Instructions for the task.
Omit all pictures. Print the remaining lines exactly, from the start of the data through the line containing "Нерелятивистская частица с".
BEGIN Information shown
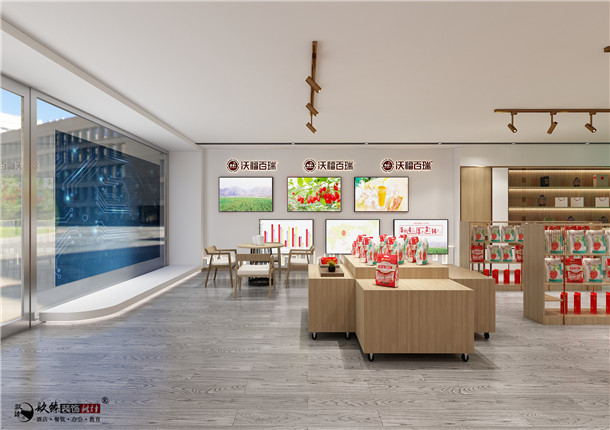 在本展館中設(shè)計(jì)師結(jié)合品牌發(fā)展歷程與發(fā)展理念,裝修色彩多以正紅色為主,原木色為點(diǎn)綴,展現(xiàn)出現(xiàn)代質(zhì)感與傳統(tǒng)理念并存的裝修風(fēng)格。頂面石膏板黑色線條封邊吊頂充分的延伸了整體空間視覺(jué)感,展館左側(cè)墻體地球的圖案寓意著寧夏的枸杞品牌走出了中國(guó),邁向了世界。
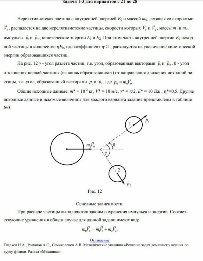 Нерелятивистская частица с внутренней энергией E0 и массой m0, летящая со скоростью , распадается на две нерелятивистские частицы, скорости которых и , массы m1 и m2, импульсы и , кинетические энергии E1 и E2. При этом часть внутренней энергии E0 исходной частицы в количестве ηE0, где коэффициент η<1, расходуется на увеличение кинетической энергии образовавшихся частиц.
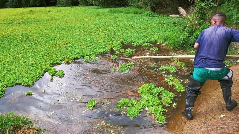 A retirada manual das macrófitas havia sido interrompida por questões legais e contratuais.
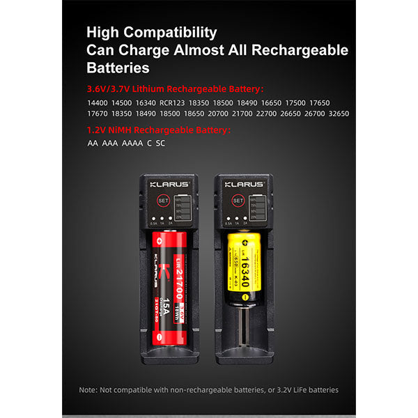 Una torcia elettrica funzionale funziona quando la batteria è completamente carica, senza dover attendere a lungo per la ricarica o correre rischi durante la stessa. Questo caricabatterie KLARUS soddisfa i più elevati standard e rappresenta quindi un vero e proprio punto di forza nell'uso professionale, consentendo di eliminare i rischi e di beneficiare dei vantaggi di una ricarica professionale e completa ovunque e in qualsiasi momento.
END Information shown
Answer to the exercise.
 在本展館中設(shè)計(jì)師結(jié)合品牌發(fā)展歷程與發(fā)展理念,裝修色彩多以正紅色為主,原木色為點(diǎn)綴,展現(xiàn)出現(xiàn)代質(zhì)感與傳統(tǒng)理念并存的裝修風(fēng)格。頂面石膏板黑色線條封邊吊頂充分的延伸了整體空間視覺(jué)感,展館左側(cè)墻體地球的圖案寓意著寧夏的枸杞品牌走出了中國(guó),邁向了世界。
 Нерелятивистская частица с внутренней энергией E0 и массой m0, летящая со скоростью , распадается на две нерелятивистские частицы, скорости которых и , массы m1 и m2, импульсы и , кинетические энергии E1 и E2. При этом часть внутренней энергии E0 исходной частицы в количестве ηE0, где коэффициент η<1, расходуется на увеличение кинетической энергии образовавшихся частиц.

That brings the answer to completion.